(Collected data entries)
·····

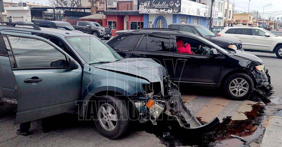 Encontronazo deja daños y a mujeres con golpes en Nuevo Laredo
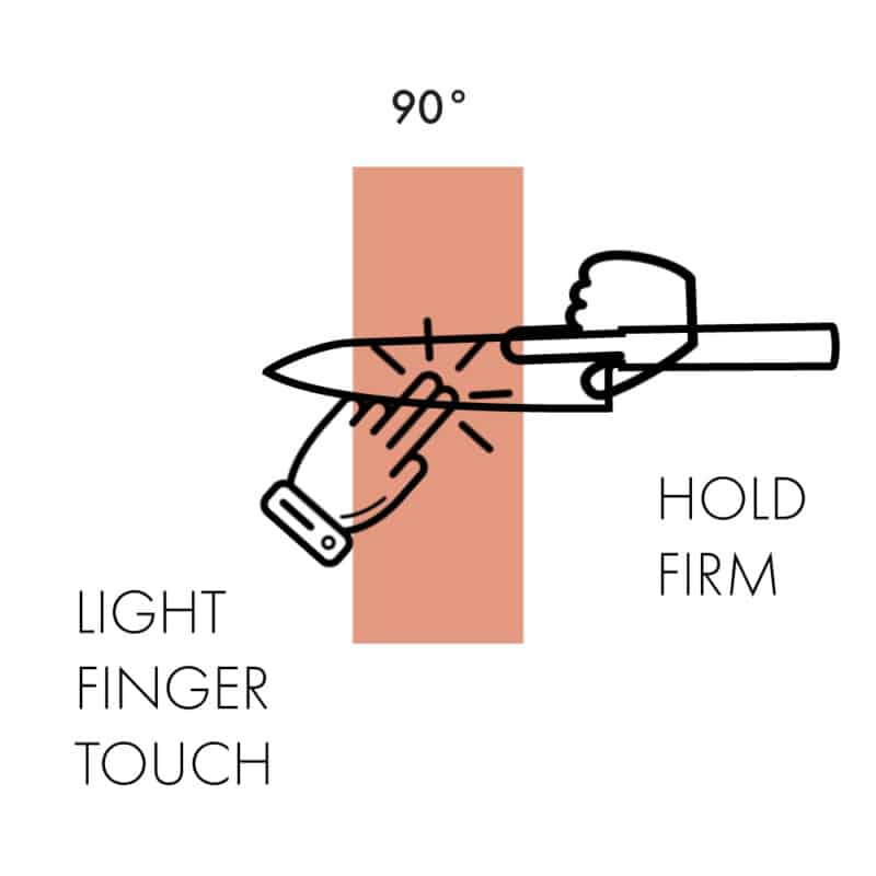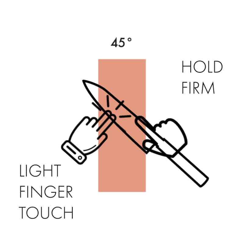 Use one hand to hold the angles firm. Place the finger tips at the edge of the blade where you want to sharpen. Use light downward pressure to keep it stable as the blade slides across the whetstone surface.
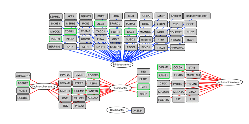 To obtain insight into the correlations between differential gene expression during the early phase of aging and the colonic microbiota composition, an integrative analysis was performed based on data of the individual mice. The 50 genera with a relative abundance of more than 0.1% in at least one sample and the 817 genes identified by STEM (Figure 2D, red cluster) showed several strong (r<-0.80 or r>0.80) positive and negative correlations (top 25 strongest correlations shown in Figure 3). Bifidobacterium spp. was negatively correlated with 228 genes, including a cluster of EMT- and ECM-associated genes, e.g. Cdh11, Fn1, Zeb1, Zeb2, Vim,Vtn and Fgfr1, amongst others (Figure 3 and Data set S3). Additionally, Turicibacter spp. and an uncultured member of the Lachnospiraceae family were positively correlated with a large number of genes, including Platelet Derived Growth Factor Receptor Beta (Pdgfrb), Wnt Family Member 2B (Wnt2b) and Gremlin 2 (Grem2), amongst others. Together, these results might imply the potential role of gut microbiota in the regulation of ECM (re)organization and EMT, or vice versa.
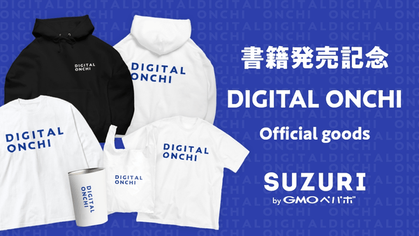 書籍発売を記念した「DIGITAL ONCHI」のグッズが、「SUZURI by GMOペパボ」内のDIGITAL ONCHI 公式ストアで販売中です。ITやWebが苦手な経営者のマストアイテム、こちらもぜひお楽しみください。
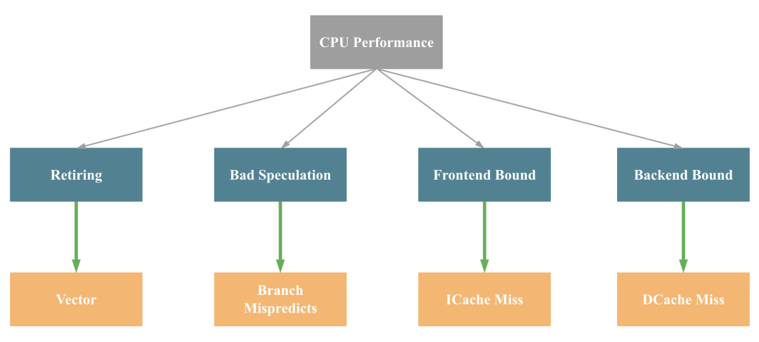 即影响一个 CPU 程序的性能瓶颈主要有4大点:Retiring、Bad Speculation、Frontend Bound 和 Backend Bound,4个瓶颈点导致的主要原因(不完全准确)依次是:缺乏 SIMD 指令优化,分支预测错误,指令 Cache Miss, 数据 Cache Miss。
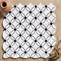 Thassos White (Greek) Marble Polished Florida Flower Mosaic (Thassos + White Carrara (Oval) + Black (Dots))
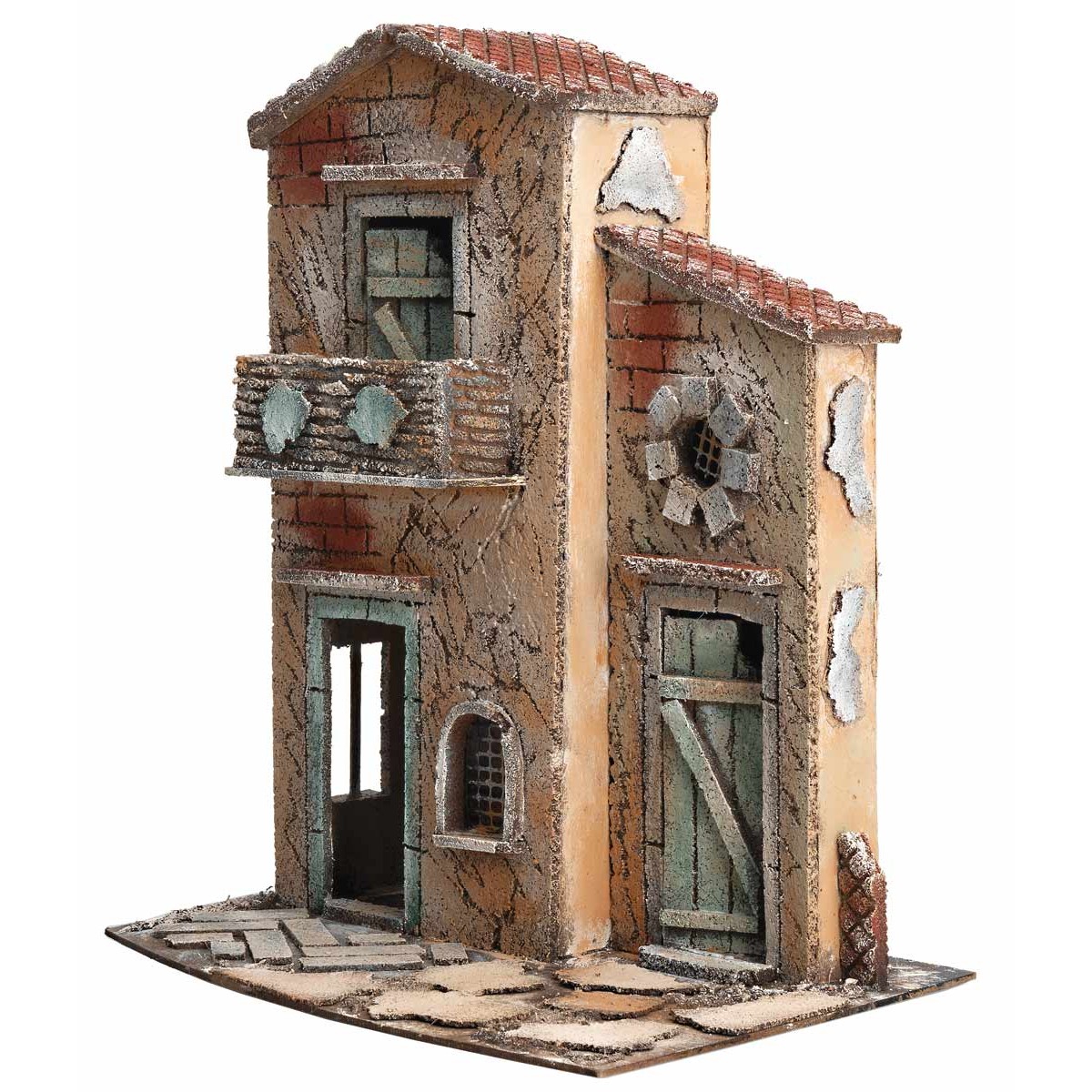 Casa napolitana de dos pisos con balcón y ventanas, recomendada para figuras de altura de 8 a 10 cm.

·····

- Task directions -
Repeat only the lines from the line with "To obtain insight" to the end of the entries, including both the first and the last line, and drop every picture.

- Exercise solution -
 To obtain insight into the correlations between differential gene expression during the early phase of aging and the colonic microbiota composition, an integrative analysis was performed based on data of the individual mice. The 50 genera with a relative abundance of more than 0.1% in at least one sample and the 817 genes identified by STEM (Figure 2D, red cluster) showed several strong (r<-0.80 or r>0.80) positive and negative correlations (top 25 strongest correlations shown in Figure 3). Bifidobacterium spp. was negatively correlated with 228 genes, including a cluster of EMT- and ECM-associated genes, e.g. Cdh11, Fn1, Zeb1, Zeb2, Vim,Vtn and Fgfr1, amongst others (Figure 3 and Data set S3). Additionally, Turicibacter spp. and an uncultured member of the Lachnospiraceae family were positively correlated with a large number of genes, including Platelet Derived Growth Factor Receptor Beta (Pdgfrb), Wnt Family Member 2B (Wnt2b) and Gremlin 2 (Grem2), amongst others. Together, these results might imply the potential role of gut microbiota in the regulation of ECM (re)organization and EMT, or vice versa.
 書籍発売を記念した「DIGITAL ONCHI」のグッズが、「SUZURI by GMOペパボ」内のDIGITAL ONCHI 公式ストアで販売中です。ITやWebが苦手な経営者のマストアイテム、こちらもぜひお楽しみください。
 即影响一个 CPU 程序的性能瓶颈主要有4大点:Retiring、Bad Speculation、Frontend Bound 和 Backend Bound,4个瓶颈点导致的主要原因(不完全准确)依次是:缺乏 SIMD 指令优化,分支预测错误,指令 Cache Miss, 数据 Cache Miss。
 Thassos White (Greek) Marble Polished Florida Flower Mosaic (Thassos + White Carrara (Oval) + Black (Dots))
 Casa napolitana de dos pisos con balcón y ventanas, recomendada para figuras de altura de 8 a 10 cm.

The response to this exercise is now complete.